■ **Instructions to follow**: Look below for the line with "Roadster×DUNLOP|ジムニー用タイヤホイール まつど家 三男" and the line with "Minimalistinio stiliaus akinių". Copy exactly those two lines and every line between, but not the pictures.

■ **Supplied material**:

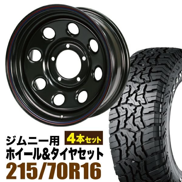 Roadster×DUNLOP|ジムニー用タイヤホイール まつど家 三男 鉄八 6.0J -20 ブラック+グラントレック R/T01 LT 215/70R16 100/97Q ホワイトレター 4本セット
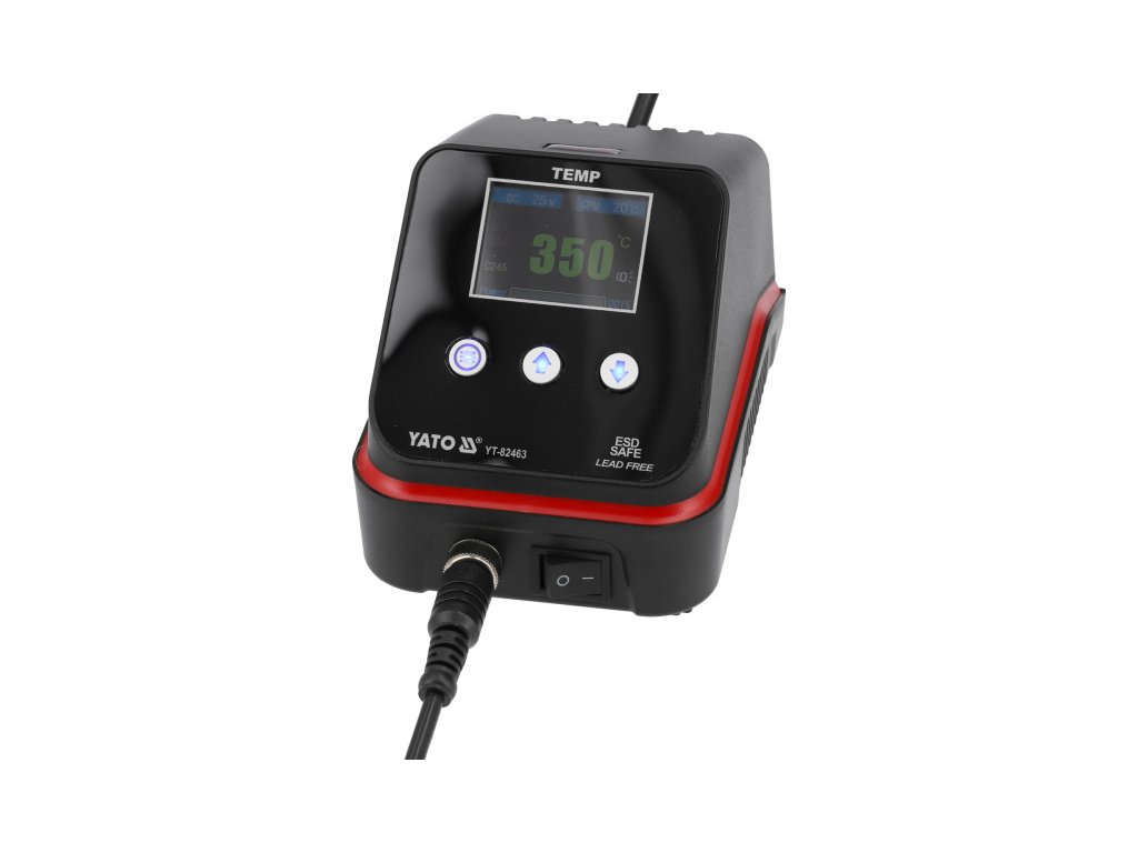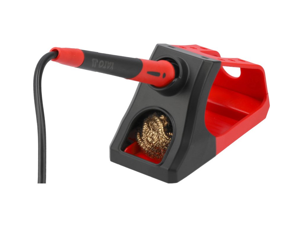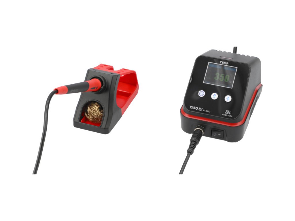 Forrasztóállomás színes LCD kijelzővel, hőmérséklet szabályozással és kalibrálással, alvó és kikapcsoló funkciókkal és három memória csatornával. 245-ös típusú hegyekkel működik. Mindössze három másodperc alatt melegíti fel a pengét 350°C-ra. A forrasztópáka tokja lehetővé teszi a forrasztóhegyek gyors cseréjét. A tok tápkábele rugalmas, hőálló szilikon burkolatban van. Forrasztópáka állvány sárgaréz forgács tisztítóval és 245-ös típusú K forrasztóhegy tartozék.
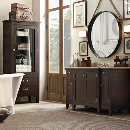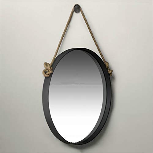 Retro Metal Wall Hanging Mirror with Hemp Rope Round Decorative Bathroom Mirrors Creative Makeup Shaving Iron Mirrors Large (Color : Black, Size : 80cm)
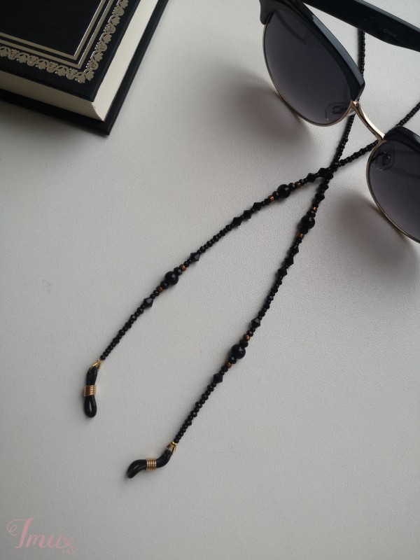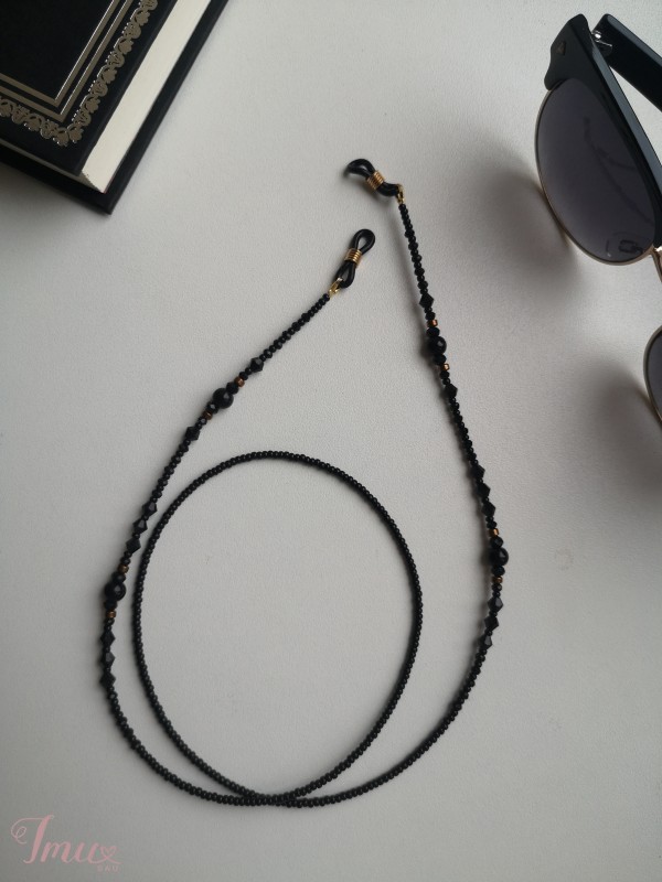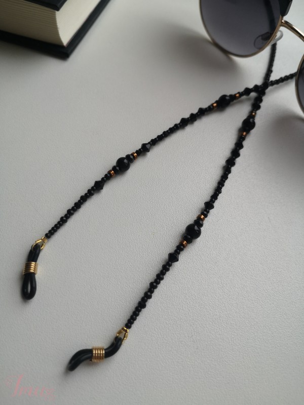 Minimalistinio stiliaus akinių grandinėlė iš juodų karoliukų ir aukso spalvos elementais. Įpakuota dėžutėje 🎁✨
--
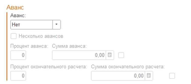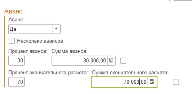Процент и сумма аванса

■ **Exercise response**:
 Roadster×DUNLOP|ジムニー用タイヤホイール まつど家 三男 鉄八 6.0J -20 ブラック+グラントレック R/T01 LT 215/70R16 100/97Q ホワイトレター 4本セット
 Forrasztóállomás színes LCD kijelzővel, hőmérséklet szabályozással és kalibrálással, alvó és kikapcsoló funkciókkal és három memória csatornával. 245-ös típusú hegyekkel működik. Mindössze három másodperc alatt melegíti fel a pengét 350°C-ra. A forrasztópáka tokja lehetővé teszi a forrasztóhegyek gyors cseréjét. A tok tápkábele rugalmas, hőálló szilikon burkolatban van. Forrasztópáka állvány sárgaréz forgács tisztítóval és 245-ös típusú K forrasztóhegy tartozék.
 Retro Metal Wall Hanging Mirror with Hemp Rope Round Decorative Bathroom Mirrors Creative Makeup Shaving Iron Mirrors Large (Color : Black, Size : 80cm)
 Minimalistinio stiliaus akinių grandinėlė iš juodų karoliukų ir aukso spalvos elementais. Įpakuota dėžutėje 🎁✨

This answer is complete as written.